A abertura de inquéritos civis e criminais pelo Ministério Público e Polícia Civil não intimidou os vereadores, que mantiveram a rotina de votação dos projetos de inclusão de área. Nesta segunda-feira, o presidente da Comissão de Obras da Câmara, vereador Carlão dos Santos (PTB), vai coordenar duas audiências públicas para debater seu próprio projeto que prevê a inclusão de uma área rural de 60,5 mil metros quadrados no perímetro urbano do município.

Reação

Vereador autores de projeto de inclusão de área rebatem as insinuações de Marco Rillo (PT) e Márcio Sansão (DEM) de que há “corrupção” na votação das propostas. “As declarações (de Rillo) são balão de ensaio, não tem fundamento”, afirmou Jabis Busqueti (PTB). “Com o vereador Marco Rillo é assim.
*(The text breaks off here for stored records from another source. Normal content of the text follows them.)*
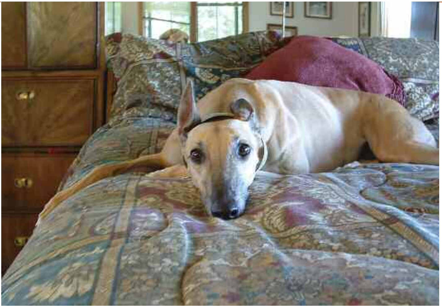
Order is restored . . . Lizzie has access to the master bedroom again.

Picture this: a 75 lb dog lying on the floor with her tail tucked so far under her body you don't know she even has a tail. Back legs are hunched under her tummy, right hip plastered to the floor, and as your eyes follow her spine, you see it curved in a graceful "S" shape up to her shoulders, first to the right and then a gentle sweep to the left where you see her left shoulder flat against the floor. Her neck has the same sweeping arc back to the right where you see her nose tucked under her right shoulder, with her front legs askew at awkward angles as they keep the whole sculpture from tumbling over.
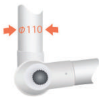
110Φ mm diameter
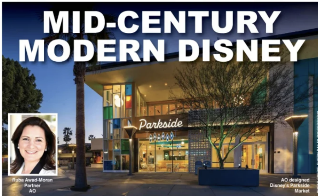
AO designed Disney's Parkside Market
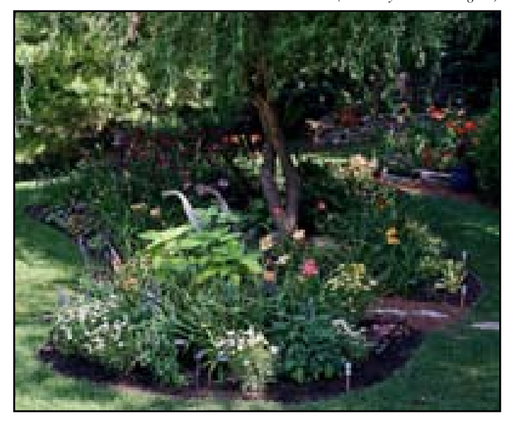
Turtle Rock Garden featured many diverse landscapes, including this lovely partial shade area, in the center of which was an impressive corkscrew willow.

a hosta tour and all the hosta beds were attractively inter-planted with impatiens, ligularia and other shade-loving perennials. After much time photographing the aforementioned areas, I finally noticed that some day-lilies grew here too!
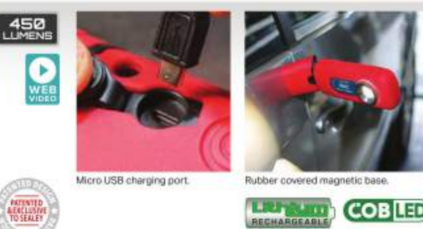
Micro USB charging port.
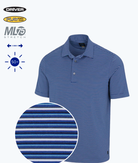
ML75 STRETCH LANDSCAPE POLO 92% POLYESTER / 8% SPANDEX JERSEY

Tailored collar, Multicolor yarn-dye stripe, GN Collection logo on bottom left hem GNCW3995
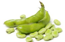
Fava Beans 25 lbs | #155200P
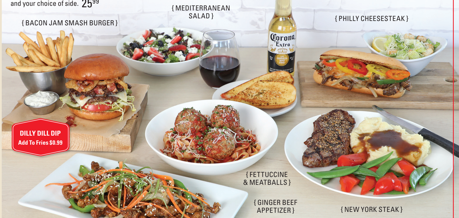
{ BACON JAM SMASH BURGER }

A grilled tortilla filled with chicken, shredded cheese, and pico de gallo. Served with salsa and sour cream. 19 99
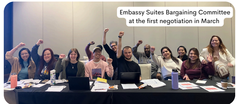
Embassy Suites Bargaining Committee at the first negotiation in March
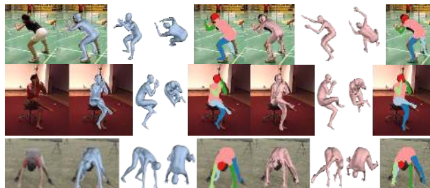
Figure 4: Results with and without paired 3D supervision. 3D reconstructions, without direct 3D supervision, are very close to those of the supervised model.

The results are surprisingly competitive given this chal-
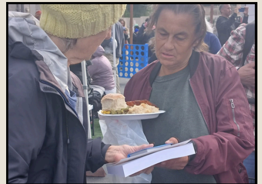
November: Thanksgiving Outreach with Restoration and Recovery
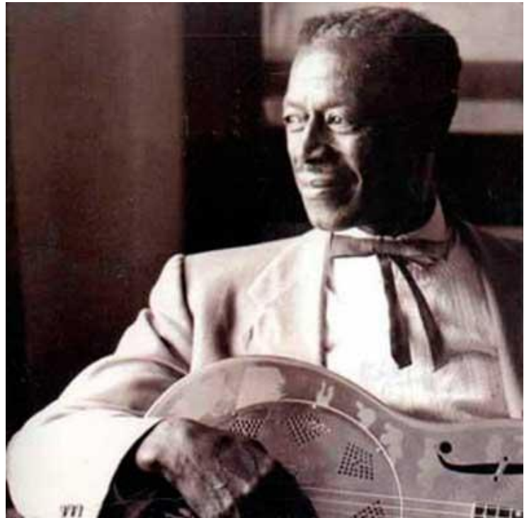
Eddie "Son" House, Jr. (March 21, 1902 - October 19, 1988)
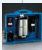
256-02-01 (100 cfm) with CO Monitor
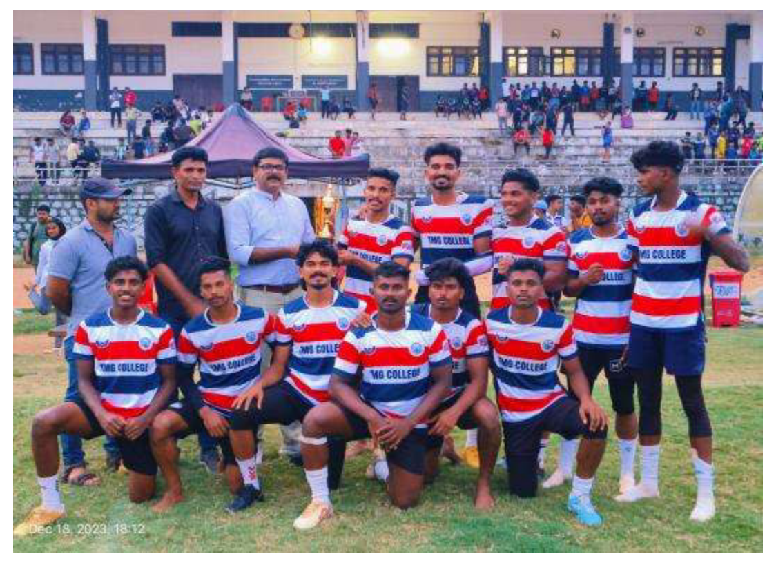
TEAM TMG @ AIU RUGBY VENUE

CALICUT UNIVERSITY MEN RUGBY RUNNER-UP 2023-24
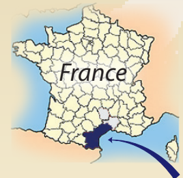
ROUSSILLON WINE REGION

Ele fala e depois não tem como provar”, disse Maurin Ribeiro (PC do B) em alusão às acusações de Rillo, feitas no ano passado, quando o petista acusou, sem citar nomes, vereadores de receber dinheiro de empresas de ônibus para votar projetos na Câmara.

Por conta da denúncia, Rillo foi levado ao Conselho de Ética e como punição foi suspenso por dois meses do mandato. Uma nova punição pode levar à cassação do petista. Em seu lugar assumiria Daniel Caldeira, do PSL, mesmo partido do presidente da Câmara, Oscarzinho Pimentel. O vereador Walter Farath (PSB) também reagiu às declarações de Rillo. “A área que pedi para incluir no perímetro urbano (projeto de lei complementar 22/2011) fica nas proximidades do local onde a Prefeitura vai construir as casas da segunda fase do Programa Minha Casa Minha Vida. Não vejo irregularidade nisso”, disse Farath.

O vereador licenciado e secretário de Agricultura, Jorge Menezes (DEM), não foi localizado para comentar seus projetos de inclusão de área no perímetro urbano. O secretário de Planejamento de Rio Preto, Milton Assis, foi procurado por meio da assessoria de imprensa da Prefeitura, mas não se manifestou sobre as inclusões de área no perímetro urbano nem informou porque não recomenda veto dos projetos ao prefeito Valdomiro Lopes.

Depoimento

Além do inquérito policial, o Ministério Público apura as insinuações de Rillo na esfera civil. O promotor Sérgio Clementino convocou o petista para prestar depoimento na última quinta-feira e já chamou Sansão. “Mostrei ao promotor como as votações de inclusão de áreas ocorrem de maneira estranha. Um projeto do vereador Carlão já está com audiência pública marcada e nem passou pelas comissões da Câmara”, disse Rillo.